Fig. 6.

Crosslinking between residues in the Aer-PAS β-scaffolding and the Aer-HAMP AS-2 helix.

A. Western blot showing disulfide band formation between substitutions I114C in the PAS domain and Q248C in the HAMP AS-2 helix in response to the oxidant copper phenanthroline. Some crosslinking between cognate I114C residues occurred (lane 1) during maturation (it decreased in the presence of chloramphenicol; not shown), and it was absent in the Aer-I114C/Q248C double-replacement protein (lane 2). The extent of Q248C/Q248C crosslinking was approximately 1%. The mobility of the disulfide products indicated that PAS/HAMP contacts occurred between monomers rather than within monomers.

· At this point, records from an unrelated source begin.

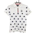 キャロウェイ 半袖ポロシャツ 白×ネイビー 星柄 スター ベア ハーフジップ レディース M ゴルフウェア Callaway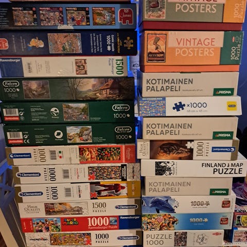 Uusia ja osa kierrosta tulleita, hyväkuntoisia palapelejä. 500 palan palapeli 2 euroa/kpl, 1000 palan palapeli 4 euroa/kpl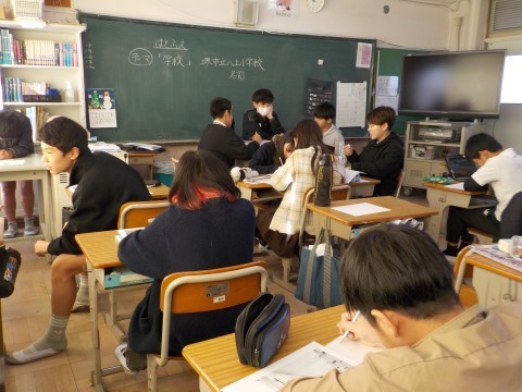 1組ははとぶえの絵を描いていました。テーマは「学校」です。6年生にもなると,遠近感も上手に絵で表していました。

B. Extents of crosslinking between replacement Q248C in the HAMP AS-2 helix and either N98C or I114C in the β-scaffolding of the PAS domain. Whole cells were incubated with 600 µM copper phenanthroline for 20 min at 25° C (Taylor et al., 2007).

C. Residues I114 and N98 (red) lie within the signal-on cluster of substitutions (yellow) in the PAS β-scaffolding, supporting the hypothesis that conformational changes in this region are transmitted directly to the HAMP AS-2 helix.